Now… could you have chosen $5$ for $e$? And follow-up question: Why not? The solution provided has

no

and

because $5$ has a common divisior with $n$

Our lecture script and every page I found regarding RSA demands $e$ and $d$ to not share a divisior (except $1$, of course) with $\phi$. I never found a remark regarding sharing with $n$.

Problem is this: What happens if you use $e=5$ (and in turn get $d=13$) is that you get no encrytion at all. $c = m^e\ mod\ n$ stays $= m$ for all $m$.

So the mathematics "work", no information is messed up, but the desired encryption is not reached at all. Is there a reason why $5$ is kind of "neutral exponent"? Does such a thing also happen for "real" rsa values?

In this example $e=5$ is equal to $q$, is that what makes the encryption become an "Involution Mathematics" (wikipedia)?

How would one word his reasoning why $5$ is an unsuitable value for $e$? More important, how can one see this in a exam situation without excel spread sheet to quickly run some numbers (without any calculator, in fact)?

Answer 1

As in the other questions: Such low numbers can lead to curious-and-misleading effects.
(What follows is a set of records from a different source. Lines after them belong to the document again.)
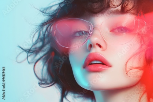Captivating Beauty: A Vibrant Portrait with Colorful Lighting and Emotive Expressions
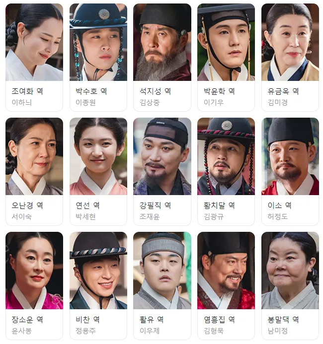 조여화 역에 이하늬 님, 박수호 역에 이종원 님, 석지성 역에 김상중 님, 박윤학 역에 이기우 님
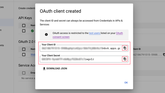 اکنون آخرین کاری وجود دارد که باید دوباره در برگه مرورگر Google Cloud انجام دهید. همچنان باید پنجره شناسه مشتری و راز مشتری خود را ببینید. میتوانید با کلیک روی «OK» در پایین پنجره را ببندید.
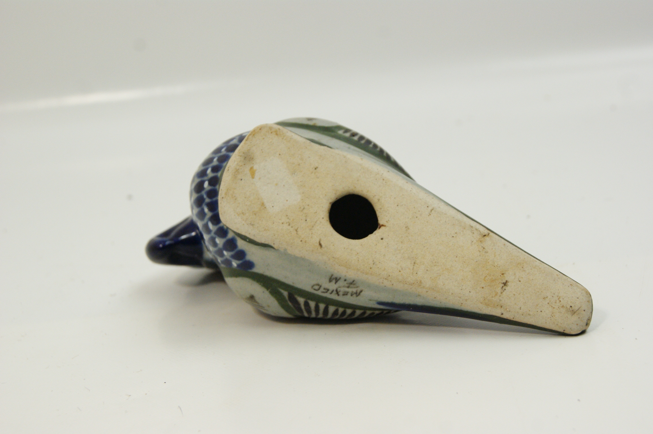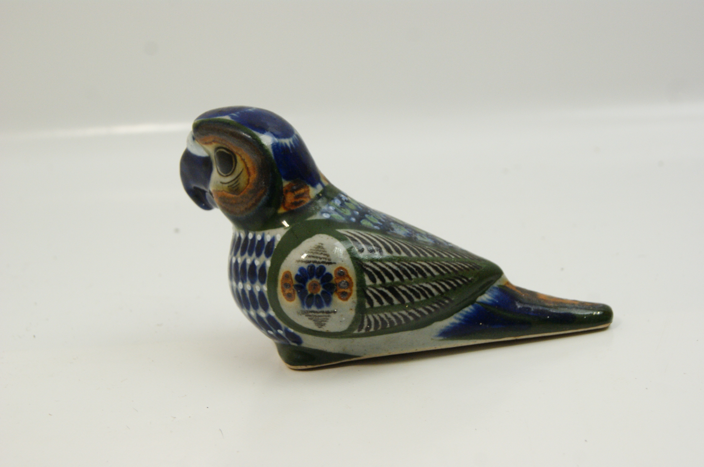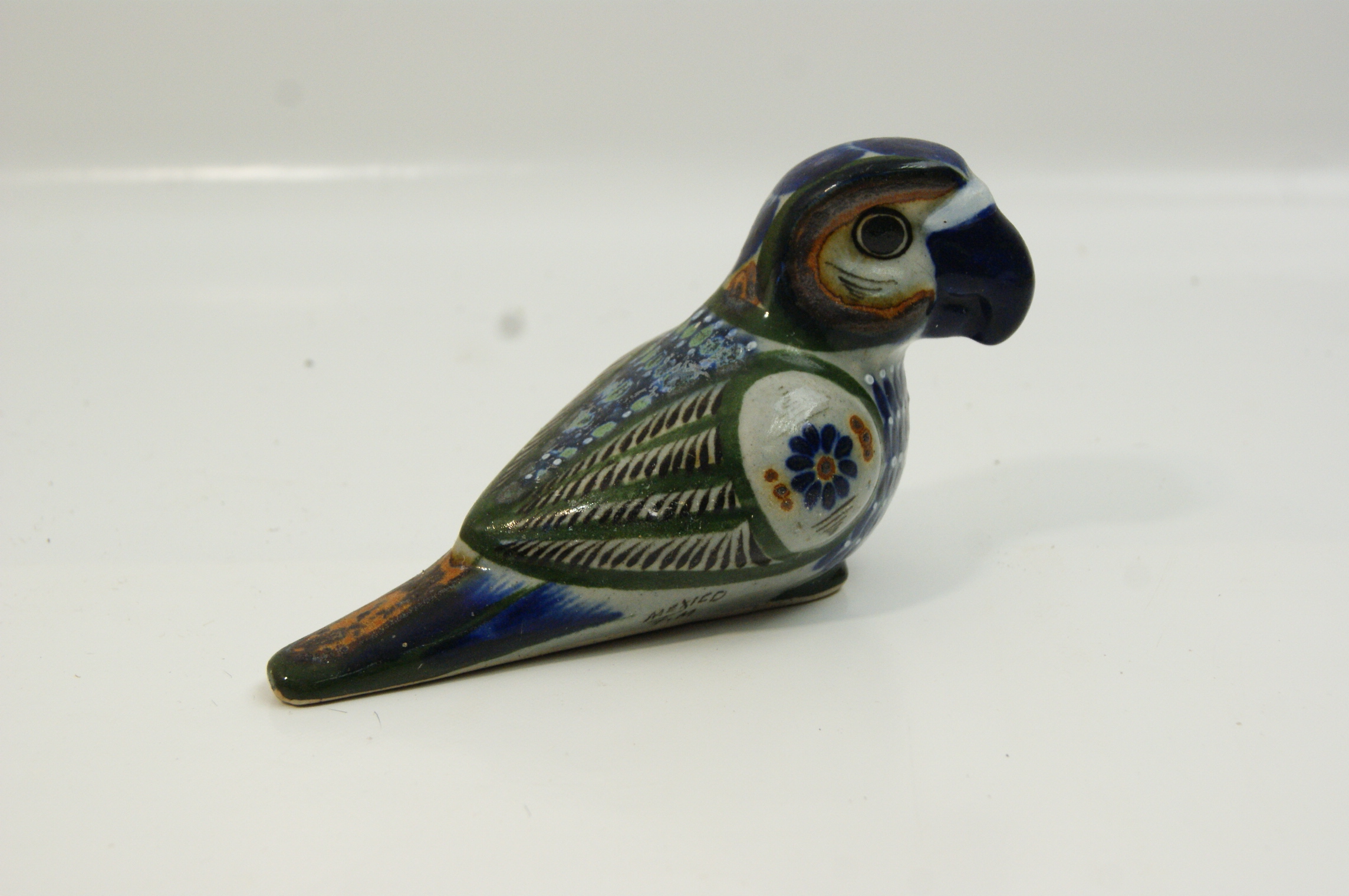 A hand-painted ceramic figurine of a parrot or macaw in the Tonala folk art style of Jalisco, Mexico. The piece features a seated posture with a colour palette of cobalt blue, forest green, and ochre on a speckled greyish-white ground. The decoration includes stylized floral medallions on the shoulders and intricate feather patterns on the wings and tail. The underside of the body near the tail is hand-marked MEXICO F.M. The base is unglazed and features a central circular aperture. This style is characteristic of mid-to-late 20th-century workshops in the Tonala region, often associated with the tradition of artists such as Ken Edwards.
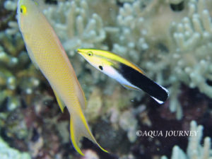 スミツキソメワケベラ 和名:スミツキソメワケベラ 英名: Blackspot Cleaner wrasse 学名:Labroides pectoralis 体長:約7㎝ 生息環境:サンゴ礁域 生息水深:10~15m あいうえお あいうえお
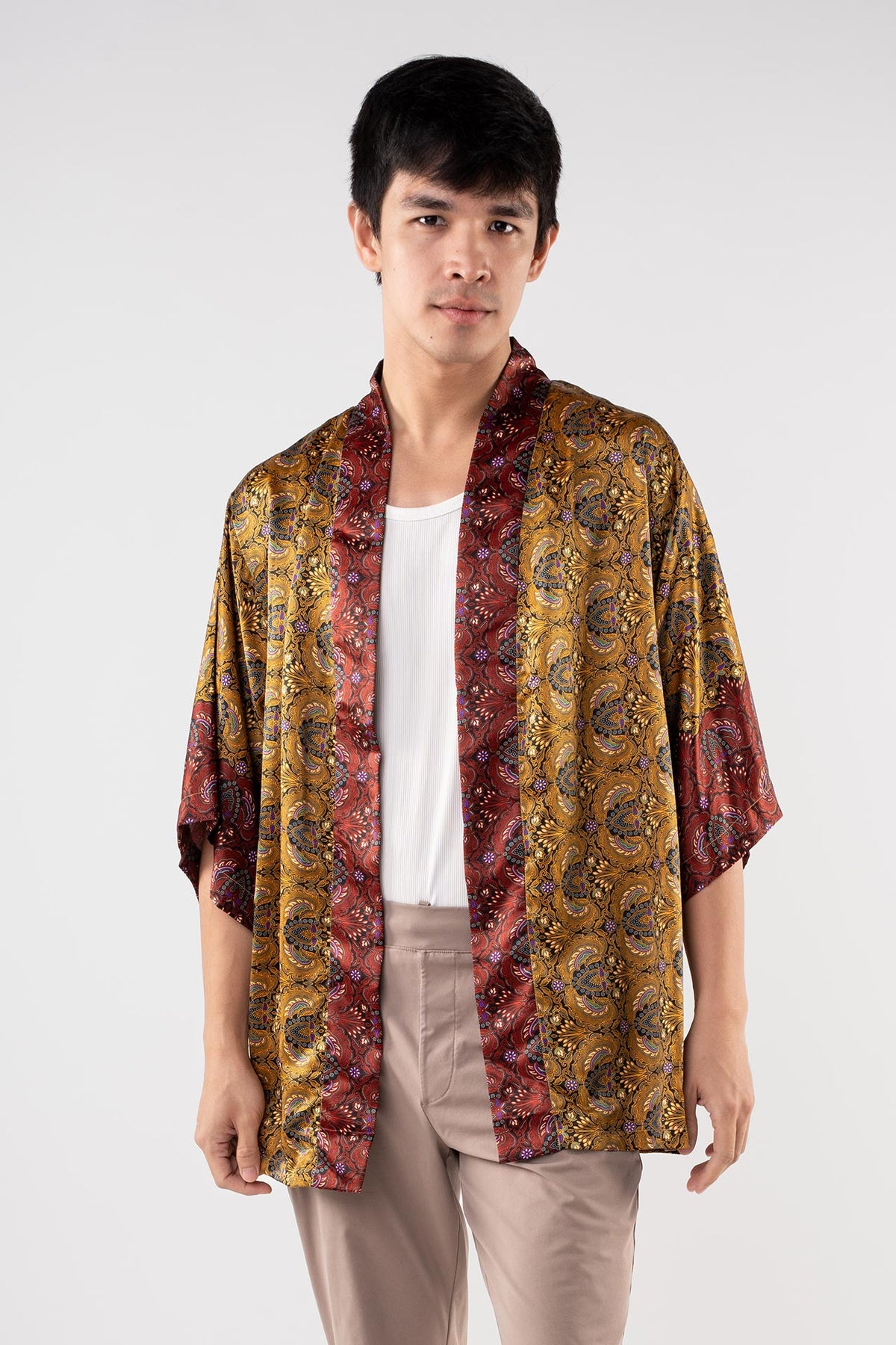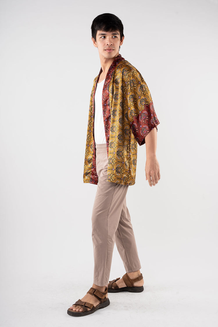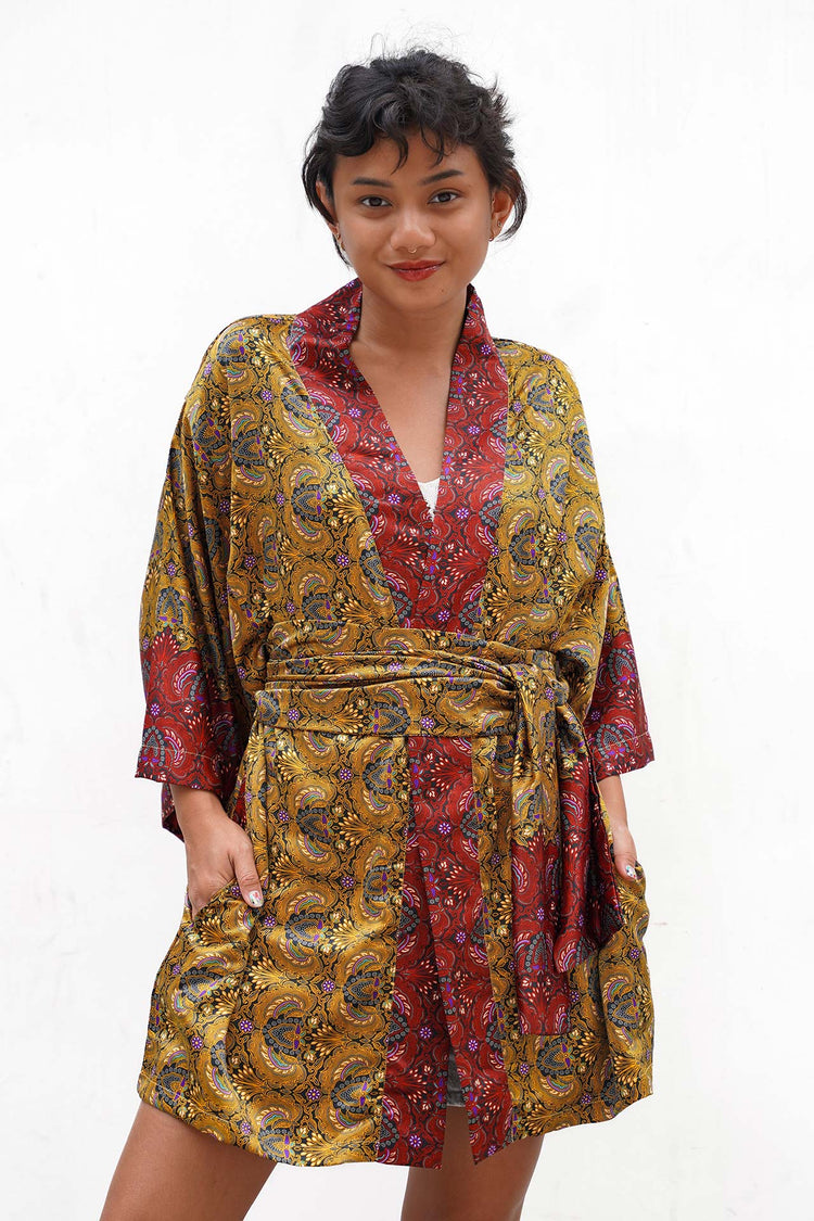 The kimono-kaftan robe is built to last. It’s made with a silk-polyester blend which, compared to pure silk, is easy care/easy wear. To maintain its softness, hand wash your robe gently using mild soap and hang it up to dry. You can also throw it inside a mesh laundry bag before putting it in the washing machine set to gentle/cool or send it to the dry-cleaners. Wash with similar colors. Lightly iron or steam when needed to get it looking like new again.

For example in this case: you choose $q=5$, and it happens that this is equal to $\lambda(15) + 1 = 5$. And that is a coincidence of this example, not a general relation.

Now… could you have chosen 5 for e? And follow-up question: Why not? The solution provided has

no

and

because 5 has a common divisior with n

Which question ans answer are you quoting here? Because it's not the one you linked to.

And I would actually say, there is no reason that $e$ has to be coprime to $N$ - except that it would be really terrible if anyone just tried to calculate $gcd(e,N)$. However, the encryption and decryption still work in the sense that you can retrieve the plaintexts (injective function).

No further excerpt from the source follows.